Study Design and Sample

The DHS recruited T2D-affected siblings without advanced renal insufficiency from 1998 through 2005 in western North Carolina. T2D was defined as diabetes developing after the age of 35 years treated with changes in diet and exercise and/or oral agents, in the absence of historical evidence of ketoacidosis or initial treatment with insulin. Fasting glucose and glycated hemoglobin (HbA1C) were assessed at the exam visit. Ascertainment and recruitment have been described [15]. Analyses included 983 self-described European American individuals from 466 DHS families, all of whom were affected by diabetes.

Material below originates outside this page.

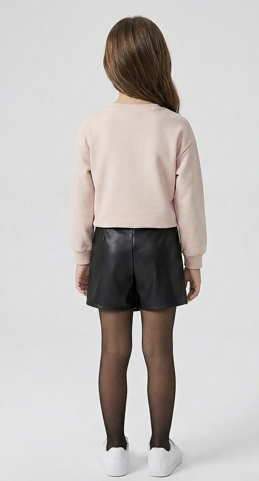 Altı deri şort etektir.Üst toz pembe sweet 3 iplik şardonsuz kumaştır.

Participant examinations were conducted in the General Clinical Research Center of Wake Forest Baptist Medical Center. Examinations included interviews for medical history and health behaviors, anthropometric measures, resting blood pressure, electrocardiography, fasting blood sampling for laboratory analyses, and spot urine collection. Data on prior MI and CVD events was self-reported by participants and non-adjudicated. Participants reporting history of a CVD event including MI, angina, or stroke, history of vascular procedures including coronary angioplasty, coronary artery bypass graft, or endarterectomy, or with Q wave abnormalities indicative of prior MI were defined as having prior CVD. Estimated glomerular filtration rate (eGFR) was computed using the CKD-EPI equation [19]. Low-density lipoprotein (LDL) cholesterol concentration was calculated using the Friedewald equation, and LDL concentrations were considered valid for subjects whose triglycerides were less than 400 mg/dL. CAC was assessed using computed tomography (CT), summing the left main, left anterior descending, circumflex, posterior descending, and right coronary arteries. CT scans were performed on multi-detector CT scanners with cardiac gating in chest scans. CAC scores were measured as previously described and validated [20,21]. Not all measures were available in all DHS participants.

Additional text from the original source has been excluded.